# Floppy Disk Fail



## SirLancelot (Jan 5, 2009)

Every time my computer starts I get the Floppy Disk Fail error and have to press F1 to continue. I do not have a Floppy Disk drive so I am trying to remove it from the BIOs bootup list. 

I have Phoenix - AwardBios CMOS Setup Utilitiy

I tried to disable the Onboard FDC Controller and also Disabled on Floppy disks fromt he Boot Devices.

All that I managed to change was that now instead of Floppy Disks Fail (40) I now get Floppy Disk Fail (80).

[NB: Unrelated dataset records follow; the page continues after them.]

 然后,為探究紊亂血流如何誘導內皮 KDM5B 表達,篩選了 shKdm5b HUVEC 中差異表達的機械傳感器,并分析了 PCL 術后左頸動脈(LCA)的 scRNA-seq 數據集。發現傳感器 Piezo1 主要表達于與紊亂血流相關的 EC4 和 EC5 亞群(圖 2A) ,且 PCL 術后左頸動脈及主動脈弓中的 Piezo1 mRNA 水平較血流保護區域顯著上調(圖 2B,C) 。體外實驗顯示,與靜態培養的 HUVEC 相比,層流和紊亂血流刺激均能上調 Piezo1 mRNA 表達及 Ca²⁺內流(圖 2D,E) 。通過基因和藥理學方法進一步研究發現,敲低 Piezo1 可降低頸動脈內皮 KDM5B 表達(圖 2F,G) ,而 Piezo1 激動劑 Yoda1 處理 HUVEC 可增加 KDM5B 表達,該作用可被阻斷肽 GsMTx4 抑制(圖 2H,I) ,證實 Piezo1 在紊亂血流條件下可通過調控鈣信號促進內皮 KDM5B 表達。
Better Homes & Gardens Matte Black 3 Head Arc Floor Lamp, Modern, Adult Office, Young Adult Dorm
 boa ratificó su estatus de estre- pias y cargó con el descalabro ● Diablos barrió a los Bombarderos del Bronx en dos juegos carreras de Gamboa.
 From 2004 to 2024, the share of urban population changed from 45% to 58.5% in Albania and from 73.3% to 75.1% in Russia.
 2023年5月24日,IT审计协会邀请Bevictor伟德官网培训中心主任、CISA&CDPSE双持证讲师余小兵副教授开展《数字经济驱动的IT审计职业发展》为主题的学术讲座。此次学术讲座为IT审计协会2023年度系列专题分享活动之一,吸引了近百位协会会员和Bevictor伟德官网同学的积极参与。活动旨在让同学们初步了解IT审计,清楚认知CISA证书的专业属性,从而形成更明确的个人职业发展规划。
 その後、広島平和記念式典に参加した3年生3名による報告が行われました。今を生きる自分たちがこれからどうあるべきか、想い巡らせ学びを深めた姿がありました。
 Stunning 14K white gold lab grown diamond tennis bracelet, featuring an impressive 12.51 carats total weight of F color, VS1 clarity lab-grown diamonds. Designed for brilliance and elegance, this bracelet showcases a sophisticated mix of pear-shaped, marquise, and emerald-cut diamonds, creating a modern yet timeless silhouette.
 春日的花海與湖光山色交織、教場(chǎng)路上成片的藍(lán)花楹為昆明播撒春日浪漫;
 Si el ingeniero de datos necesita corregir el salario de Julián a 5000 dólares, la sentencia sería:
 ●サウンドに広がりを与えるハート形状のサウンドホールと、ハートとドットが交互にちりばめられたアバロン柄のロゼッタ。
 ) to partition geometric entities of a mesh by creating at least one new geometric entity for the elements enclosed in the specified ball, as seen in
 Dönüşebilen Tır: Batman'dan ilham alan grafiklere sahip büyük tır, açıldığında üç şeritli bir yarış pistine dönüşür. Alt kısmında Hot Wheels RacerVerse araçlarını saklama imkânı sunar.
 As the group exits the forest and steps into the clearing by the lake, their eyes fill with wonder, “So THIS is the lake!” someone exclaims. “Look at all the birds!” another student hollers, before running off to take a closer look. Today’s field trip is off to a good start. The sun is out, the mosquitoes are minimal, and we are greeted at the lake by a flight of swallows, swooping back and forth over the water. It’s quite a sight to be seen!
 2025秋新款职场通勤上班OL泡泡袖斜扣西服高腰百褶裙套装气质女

All I want is my computer to start without me having to press F1 to continue every time!


----------



## Lead3 (Jun 14, 2006)

Hi, Welcome to TSF.
Were you able to disable the floppy in the BIOS?
What motherboard do you have?
Paul


----------



## SirLancelot (Jan 5, 2009)

No, not yet.

my motherboard is: EVGA 132-CK-NF78-A1 LGA 775 NVIDIA nForce 780i SLI ATX Intel Motherboard


Nothing with Floppy Disk Drives is in my Basic BIOS menu. In Advanced BIOS there are several options. The First Boot Device is set to my Hard Drive. The Second Boot Device is set to CD ROM. The Third Boot Device is Disabled and so is the "Boot Other Device". However, in Removable Device Priority, when I open it there is only one item. It is Floppy Disks and there is no option to edit or delete it.

Thanks for your help.


----------



## magnethead (Mar 18, 2006)

go to where you define the hard disks, at bottom you have to change floppy from 1.44MB 3.5" to none


----------



## SirLancelot (Jan 5, 2009)

Awesome! That did it. Thank you guys very much!


----------